Field of dreams and analytics
When I’m not busy working in the web analytics world I’m often playing or practicing for a very competitive baseball team. The team is basically made up of my group of friends, and none of us are even close to being major league quality. However, when you put a bunch of guys into an athletic context, even friends have a tendency to get cutthroat.
During my team’s pre-season our manager made a habit of sending the players a copy of each game’s box score. This maneuver was an attempt at being transparent with the information upon which he was making his decisions. His presumed logic was to show us the factual breakdown of the game so as to validate his impending decisions as well as cut down on the inevitable questions and complaints relating to them.
Despite his best efforts, the approach backfired miserably. Guys on the team were putting almost all the official scoring into question: if a player got a hit but officially it was ruled an error, that player would claim he was a victim of an unfair judgment and indeed deserved that hit; if, while on the field, one of our players blew a throw to first base and was charged with an error, he alleged that the throw would have been on target had the first baseman been properly positioned.

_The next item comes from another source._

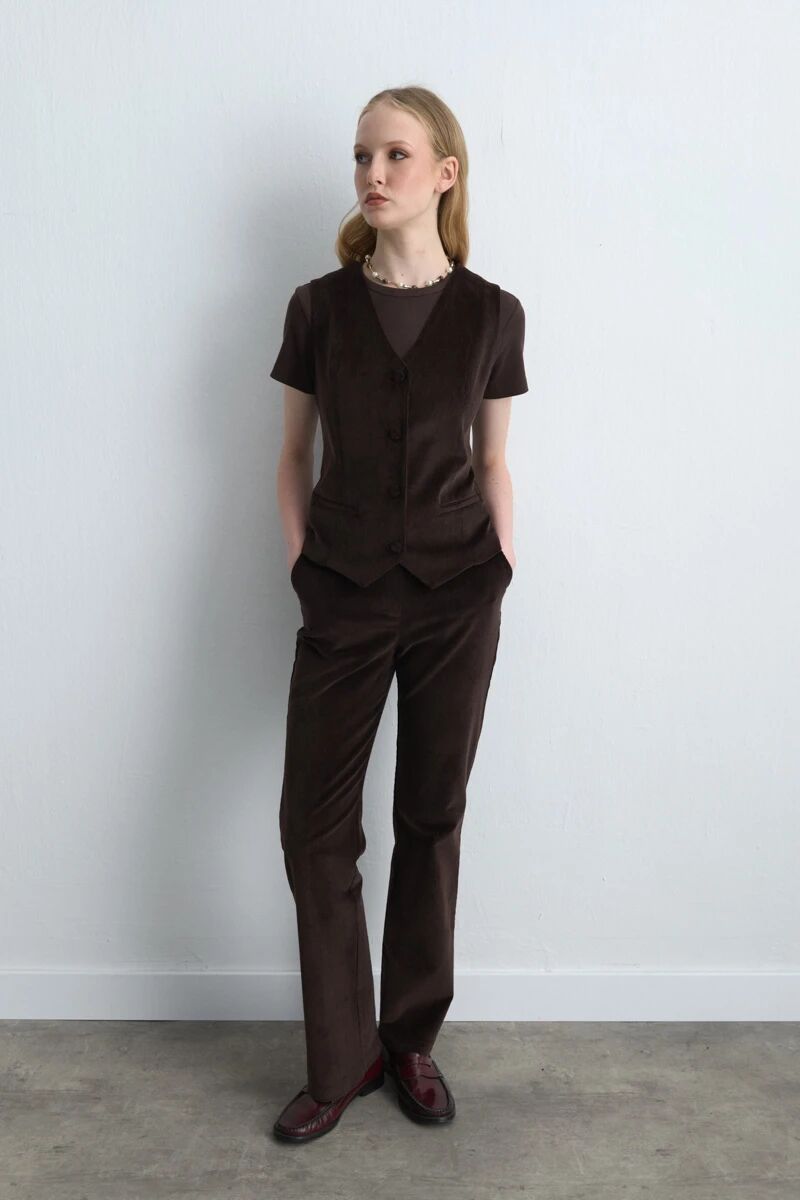 Anka Koleksiyonu Fitilli Kadife Boru Paça Pantolon - Kahverengi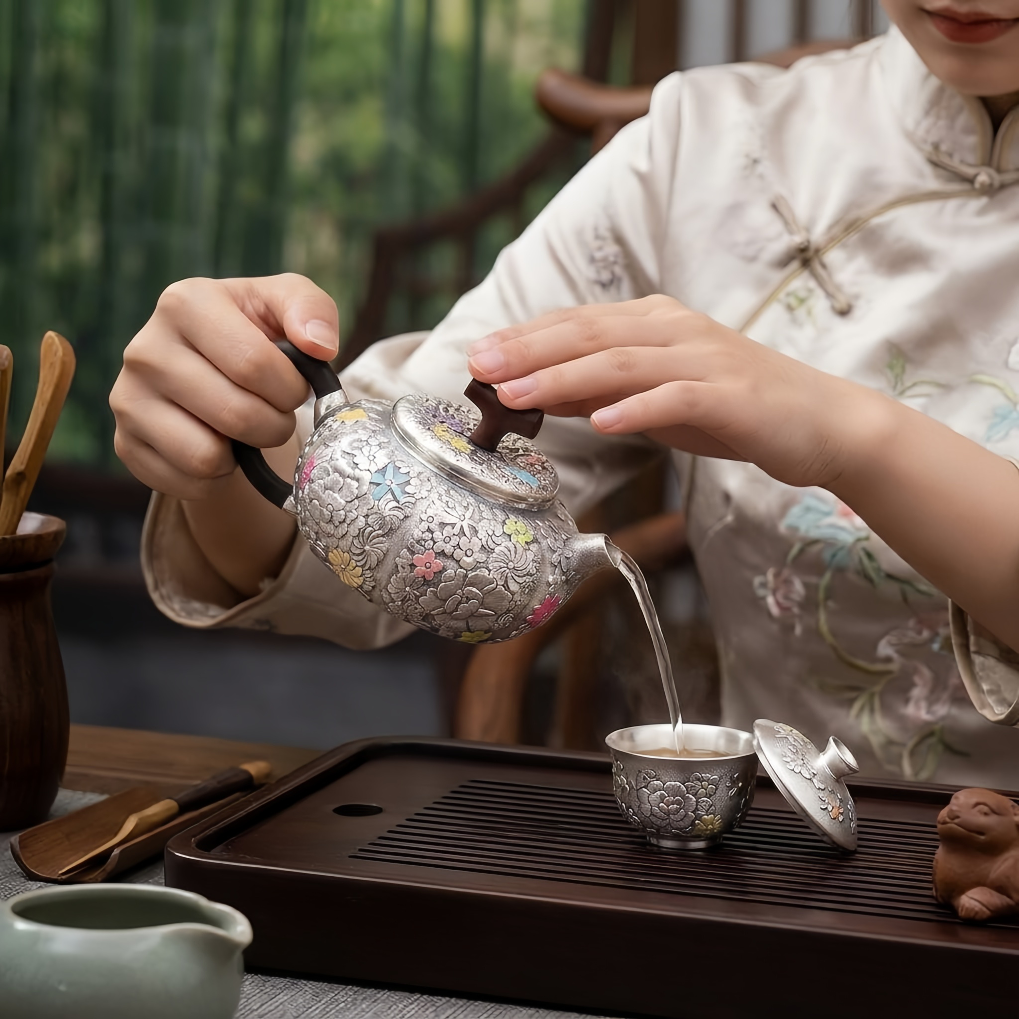 925 Sterling Silver Handcrafted Silver Floral Teapot with Multi-Colored Accents and Dark Wood Handle - Handicraft

This situation is analogous to internal dissent within a company: if a website is suffering, it’s entirely possible that the person responsible for the site’s content will blame those responsible for the site’s navigation (can you see the potential domino affect?). Sure the click stream data may shed some light into users’ respective paths, points of abandonment and conversion frequency, but it falls short in revealing why customers actually did what they did.
When my manager stopped relaying the factual score sheet to us and alternatively started to record an in-depth account of each play that transpired, the questioning and squabbling stopped abruptly. The story on each play went from being hazy and contentious to being tellingly unambiguous.
Even though creating organizational harmony is not the primary purpose of attitudinal analytics, could that possibly be one of its side benefits? Now that players on my team have a written explanation of what they’re doing, both right and wrong, they are actually going out of their way to ask others how they can improve.
When the story is being told by the customers instead of the numbers that track them, department heads need not be at odds over where the website’s strengths and weaknesses lie – the answers are right in front of them!
If complete transparency of results can be leveraged to foster an environment of mutual accountability and collective accomplishment, a company’s website knows no bounds. As for my baseball team, I still need to learn how to hit a curveball.